● **WHAT IS EXPECTED**: Omitting all pictures, retype the entries below exactly as given.

-------------------------

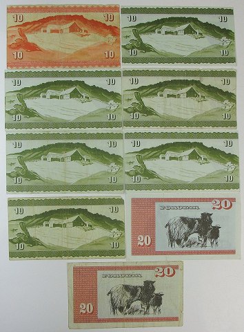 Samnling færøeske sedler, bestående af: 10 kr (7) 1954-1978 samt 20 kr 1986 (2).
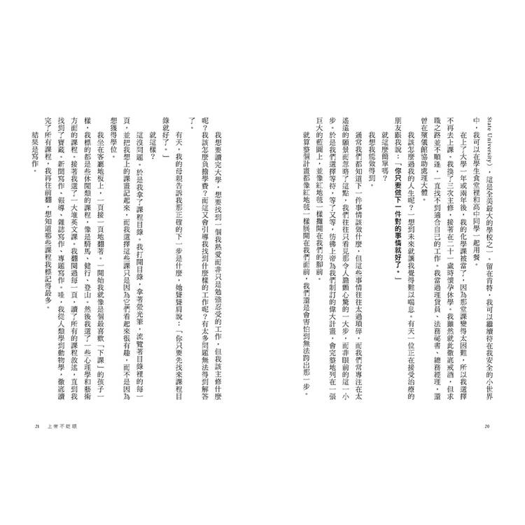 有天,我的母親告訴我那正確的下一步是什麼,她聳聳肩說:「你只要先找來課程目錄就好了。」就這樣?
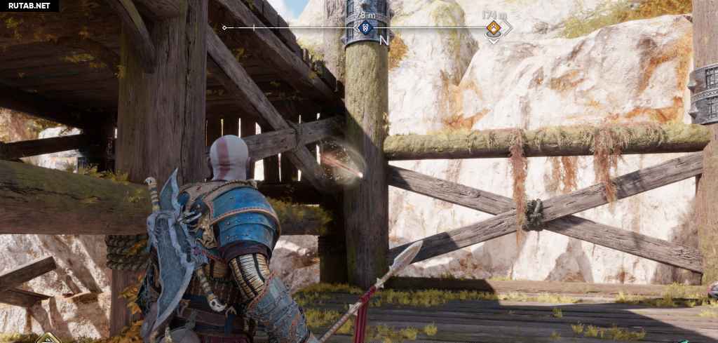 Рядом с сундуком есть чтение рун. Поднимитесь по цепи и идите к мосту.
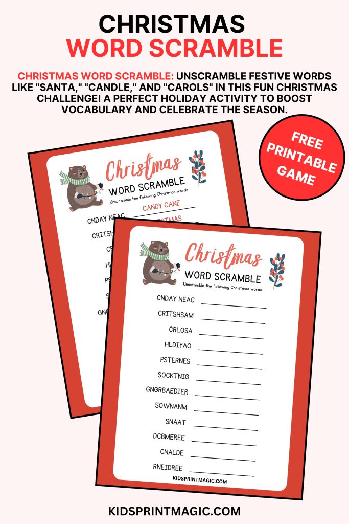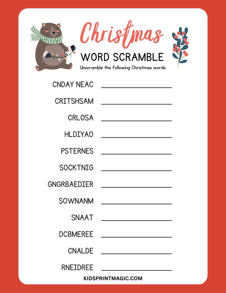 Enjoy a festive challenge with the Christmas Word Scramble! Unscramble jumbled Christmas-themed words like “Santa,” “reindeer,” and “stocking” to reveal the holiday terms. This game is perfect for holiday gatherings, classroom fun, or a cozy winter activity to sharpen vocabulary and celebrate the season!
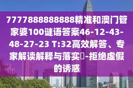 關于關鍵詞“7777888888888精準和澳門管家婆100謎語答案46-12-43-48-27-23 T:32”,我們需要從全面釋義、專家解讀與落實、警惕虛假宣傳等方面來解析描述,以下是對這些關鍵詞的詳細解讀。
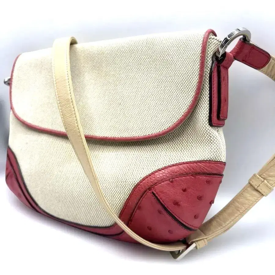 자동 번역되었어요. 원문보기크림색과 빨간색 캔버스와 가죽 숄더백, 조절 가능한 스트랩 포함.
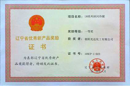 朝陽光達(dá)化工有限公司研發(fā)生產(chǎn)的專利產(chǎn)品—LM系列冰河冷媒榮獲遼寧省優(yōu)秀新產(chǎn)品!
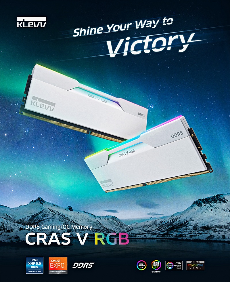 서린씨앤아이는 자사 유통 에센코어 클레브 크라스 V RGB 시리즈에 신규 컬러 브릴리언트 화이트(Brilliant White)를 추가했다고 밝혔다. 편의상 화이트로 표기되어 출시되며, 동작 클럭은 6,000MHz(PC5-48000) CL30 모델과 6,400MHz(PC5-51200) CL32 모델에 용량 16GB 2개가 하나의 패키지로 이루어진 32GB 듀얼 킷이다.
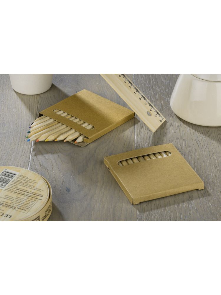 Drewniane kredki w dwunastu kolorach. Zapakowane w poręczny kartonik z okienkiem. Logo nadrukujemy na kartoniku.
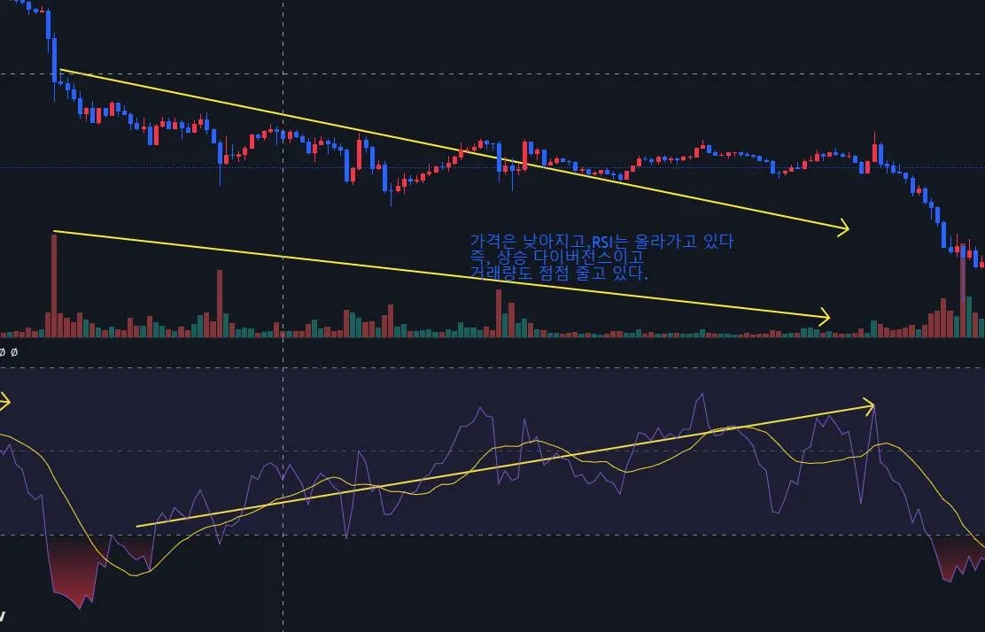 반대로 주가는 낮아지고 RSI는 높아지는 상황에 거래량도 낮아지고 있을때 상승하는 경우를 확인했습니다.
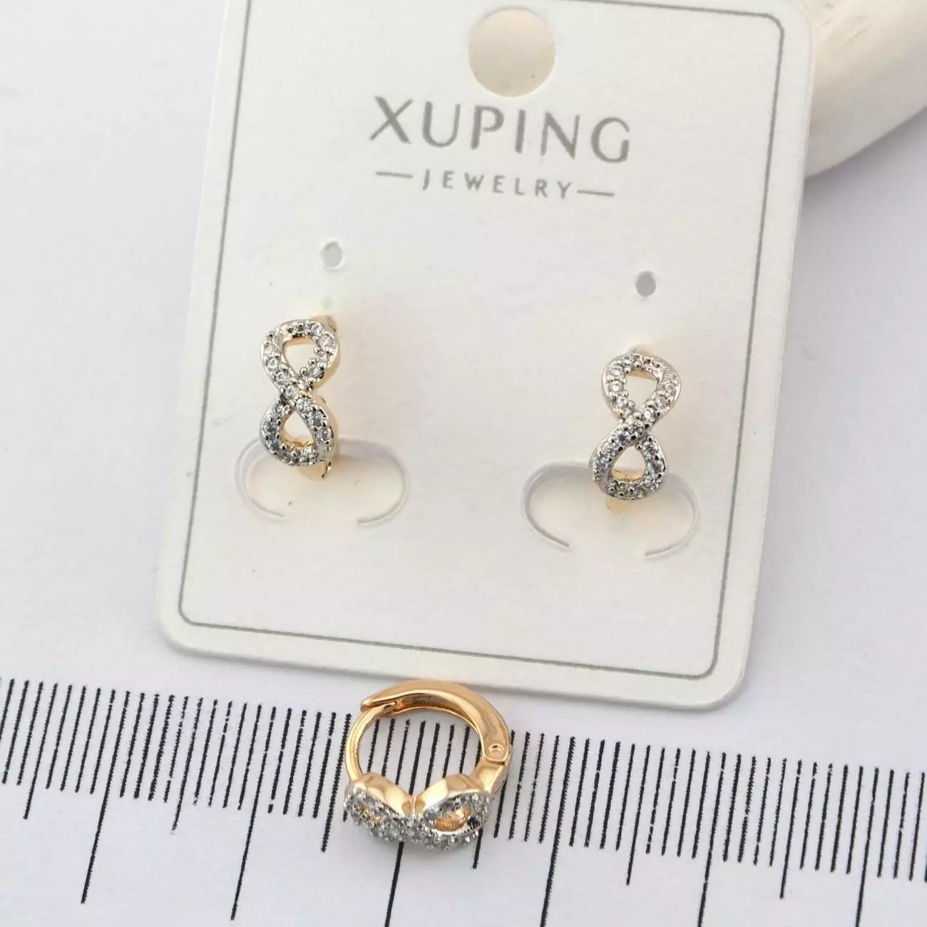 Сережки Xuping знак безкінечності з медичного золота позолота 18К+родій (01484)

-------------------------

● **RESULT**:
 Samnling færøeske sedler, bestående af: 10 kr (7) 1954-1978 samt 20 kr 1986 (2).
 有天,我的母親告訴我那正確的下一步是什麼,她聳聳肩說:「你只要先找來課程目錄就好了。」就這樣?
 Рядом с сундуком есть чтение рун. Поднимитесь по цепи и идите к мосту.
 Enjoy a festive challenge with the Christmas Word Scramble! Unscramble jumbled Christmas-themed words like “Santa,” “reindeer,” and “stocking” to reveal the holiday terms. This game is perfect for holiday gatherings, classroom fun, or a cozy winter activity to sharpen vocabulary and celebrate the season!
 關于關鍵詞“7777888888888精準和澳門管家婆100謎語答案46-12-43-48-27-23 T:32”,我們需要從全面釋義、專家解讀與落實、警惕虛假宣傳等方面來解析描述,以下是對這些關鍵詞的詳細解讀。
 자동 번역되었어요. 원문보기크림색과 빨간색 캔버스와 가죽 숄더백, 조절 가능한 스트랩 포함.
 朝陽光達(dá)化工有限公司研發(fā)生產(chǎn)的專利產(chǎn)品—LM系列冰河冷媒榮獲遼寧省優(yōu)秀新產(chǎn)品!
 서린씨앤아이는 자사 유통 에센코어 클레브 크라스 V RGB 시리즈에 신규 컬러 브릴리언트 화이트(Brilliant White)를 추가했다고 밝혔다. 편의상 화이트로 표기되어 출시되며, 동작 클럭은 6,000MHz(PC5-48000) CL30 모델과 6,400MHz(PC5-51200) CL32 모델에 용량 16GB 2개가 하나의 패키지로 이루어진 32GB 듀얼 킷이다.
 Drewniane kredki w dwunastu kolorach. Zapakowane w poręczny kartonik z okienkiem. Logo nadrukujemy na kartoniku.
 반대로 주가는 낮아지고 RSI는 높아지는 상황에 거래량도 낮아지고 있을때 상승하는 경우를 확인했습니다.
 Сережки Xuping знак безкінечності з медичного золота позолота 18К+родій (01484)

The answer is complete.